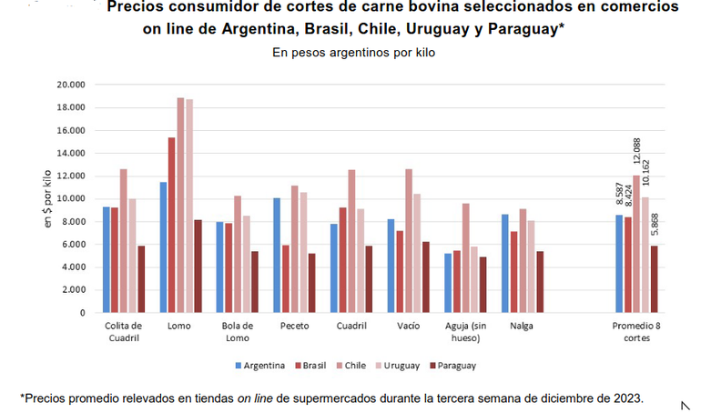 En diciembre de 2023, luego de Paraguay, aparece Brasil como el país de carne más barata de la región, lugar que le había arrebatado momentáneamente Argentina en enero, mes previo al ajuste de precios de hacienda y carne que se produciría hacia fines de ese mes y en febrero; por otro lado, Chile se mantiene como es habitual como el país de carne bovina más cara a nivel consumidor.
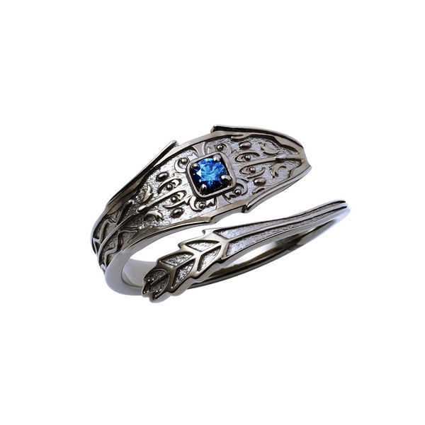 若山の指環(刃)は上品なブラックコーティングを施したナイフエッジの型に、オーバルカットのイメージカラーストーンを配しました。存在感がひき立つデザインです。
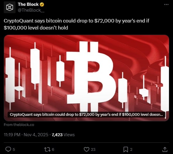 Julio Moreno, szef działu badań w CryptoQuant, w jednym z najnowszych wywiadów powiedział: „Jeśli cena nie utrzyma się na poziomie około 100 000 USD i przebije się w dół, istnieje większe ryzyko, że w ciągu jednego do dwóch miesięcy osiągnie poziom 72 000 USD”.
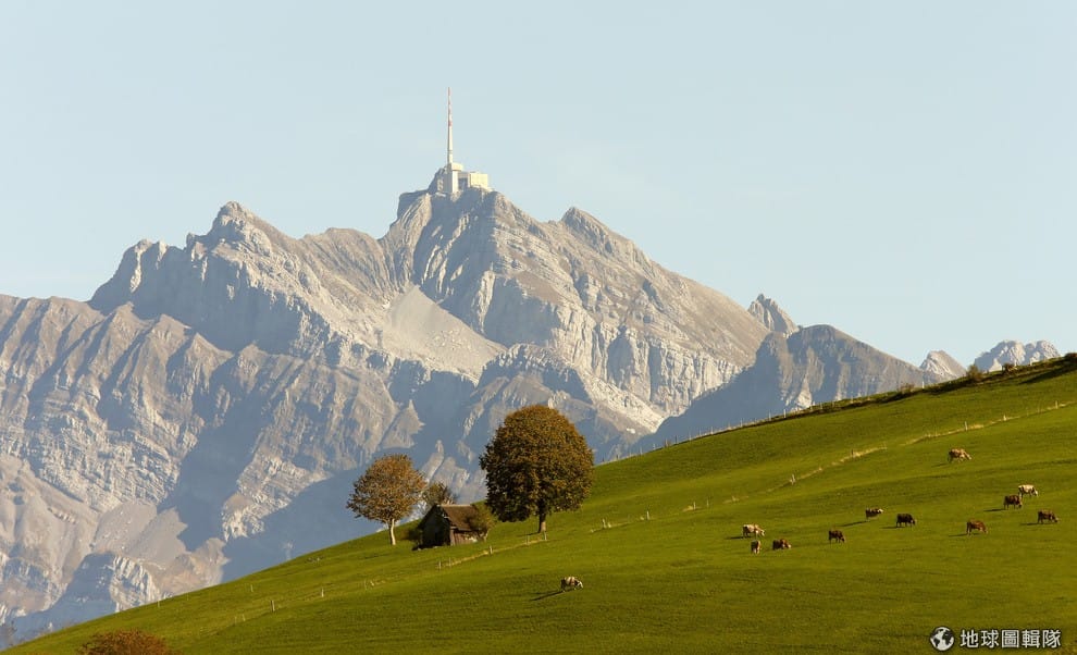 瑞士山坡上,成群牛隻正悠閒的散步,遠處可見美麗的桑蒂絲(Mount Saentis)山景。
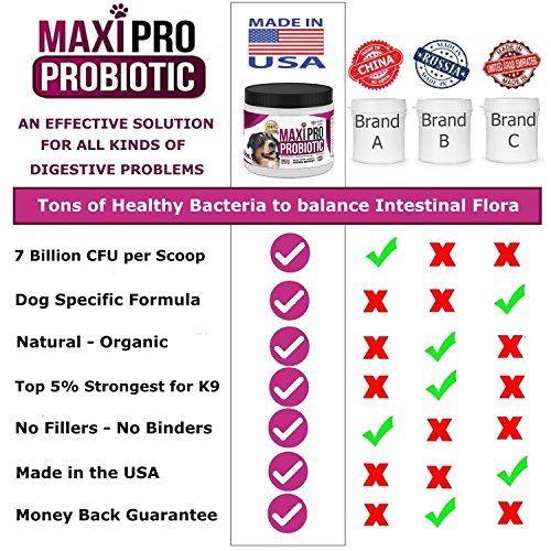 -. Feature : ULTIMATE PROBIOTICS SUPPORT YOUR DOGS SENSITIVE TUMMY! Maxi Pro formulation is designed to relieve your pup from yeast & urinary tract infections, gas, bloating, diarrhea, loose stool, & other discomforting digestive issues. Potent digestive enzymes support healthy bowel movements by stimulating the intestinal tract to excrete backed up feces, PAIN FREE. Our probiotic supplement aids ALL DOGS OF ANY SIZE. Help your pet feel relieved & rejuvenated. Support its overall digestive health. / INCREASE LONGEVITY OF YOUR PET SO IT MAY LIVE A LONG, HAPPY, & FULL LIFE. We understand a pet's life is fragile & short. We created Maxi Pro to guard your dog (& cat) from bad bacteria that weakens its immune system & makes it more acceptable to harmful bacteria. Probiotics microorganisms help balance gut health by removing toxins & excess bacteria. Removing unwanted chemicals, increases nutrient absorbency. Maxi Pro provides vital nutrients your pet needs to live a longer, happier life. / 5 BILLION COLONY FORMING UNITS TO TREAT SKIN IRRITATIONS. As pet owners, we understand the constant hassle of your pet shedding or scratching. Luckily, our pure probiotics blend provides nutrients needed to promote gut health & healthy, vibrant skin & coat. Stop itchy, dry, sensitive skin. Our probiotics powder supports your pups skin & coat protecting it from allergens that cause infection. Give your pet this powerful probiotic every day. Let them feel the relief of a healthy, moisturized coat. / SKIP THE HASSLE WITH TABLETS & CHOOSE OUR DELICIOUS PROBIOTIC POWDER. We understand that some pets need some 'convincing' with tablets or chewables. Skip the strle and switch to our once a day powder formula. No clean up required! All you have to do is sP.R.Inkle one scoop, measured to 1 gram, on your dog's or cat's food and watch them devour a healthy, nutritious meal that benefits them in more than one way. Our powered supplement is so good your pets will be convinced it's a treat. / PETS ARE LIKE FAMILY. GIVE YOUR FAMILY THE ULTIMATE PROBIOTICS SUPPLEMENT TO IMPROVE LONGEVITY AND HEALTH. All of our products are free of any harmful preservatives and additives. Our supplements are manufactured in the USA in an FDA registered facility and third partied tested for nutritional value and safety. We guarantee your fur baby will feel rejuvenated and relieved; or your money back! No questions asked. Try it now, RISK FREE!

Activity » Output each line exactly as shown above; no pictures go in the copy.

Your solution »
 En diciembre de 2023, luego de Paraguay, aparece Brasil como el país de carne más barata de la región, lugar que le había arrebatado momentáneamente Argentina en enero, mes previo al ajuste de precios de hacienda y carne que se produciría hacia fines de ese mes y en febrero; por otro lado, Chile se mantiene como es habitual como el país de carne bovina más cara a nivel consumidor.
 若山の指環(刃)は上品なブラックコーティングを施したナイフエッジの型に、オーバルカットのイメージカラーストーンを配しました。存在感がひき立つデザインです。
 Julio Moreno, szef działu badań w CryptoQuant, w jednym z najnowszych wywiadów powiedział: „Jeśli cena nie utrzyma się na poziomie około 100 000 USD i przebije się w dół, istnieje większe ryzyko, że w ciągu jednego do dwóch miesięcy osiągnie poziom 72 000 USD”.
 瑞士山坡上,成群牛隻正悠閒的散步,遠處可見美麗的桑蒂絲(Mount Saentis)山景。
 -. Feature : ULTIMATE PROBIOTICS SUPPORT YOUR DOGS SENSITIVE TUMMY! Maxi Pro formulation is designed to relieve your pup from yeast & urinary tract infections, gas, bloating, diarrhea, loose stool, & other discomforting digestive issues. Potent digestive enzymes support healthy bowel movements by stimulating the intestinal tract to excrete backed up feces, PAIN FREE. Our probiotic supplement aids ALL DOGS OF ANY SIZE. Help your pet feel relieved & rejuvenated. Support its overall digestive health. / INCREASE LONGEVITY OF YOUR PET SO IT MAY LIVE A LONG, HAPPY, & FULL LIFE. We understand a pet's life is fragile & short. We created Maxi Pro to guard your dog (& cat) from bad bacteria that weakens its immune system & makes it more acceptable to harmful bacteria. Probiotics microorganisms help balance gut health by removing toxins & excess bacteria. Removing unwanted chemicals, increases nutrient absorbency. Maxi Pro provides vital nutrients your pet needs to live a longer, happier life. / 5 BILLION COLONY FORMING UNITS TO TREAT SKIN IRRITATIONS. As pet owners, we understand the constant hassle of your pet shedding or scratching. Luckily, our pure probiotics blend provides nutrients needed to promote gut health & healthy, vibrant skin & coat. Stop itchy, dry, sensitive skin. Our probiotics powder supports your pups skin & coat protecting it from allergens that cause infection. Give your pet this powerful probiotic every day. Let them feel the relief of a healthy, moisturized coat. / SKIP THE HASSLE WITH TABLETS & CHOOSE OUR DELICIOUS PROBIOTIC POWDER. We understand that some pets need some 'convincing' with tablets or chewables. Skip the strle and switch to our once a day powder formula. No clean up required! All you have to do is sP.R.Inkle one scoop, measured to 1 gram, on your dog's or cat's food and watch them devour a healthy, nutritious meal that benefits them in more than one way. Our powered supplement is so good your pets will be convinced it's a treat. / PETS ARE LIKE FAMILY. GIVE YOUR FAMILY THE ULTIMATE PROBIOTICS SUPPLEMENT TO IMPROVE LONGEVITY AND HEALTH. All of our products are free of any harmful preservatives and additives. Our supplements are manufactured in the USA in an FDA registered facility and third partied tested for nutritional value and safety. We guarantee your fur baby will feel rejuvenated and relieved; or your money back! No questions asked. Try it now, RISK FREE!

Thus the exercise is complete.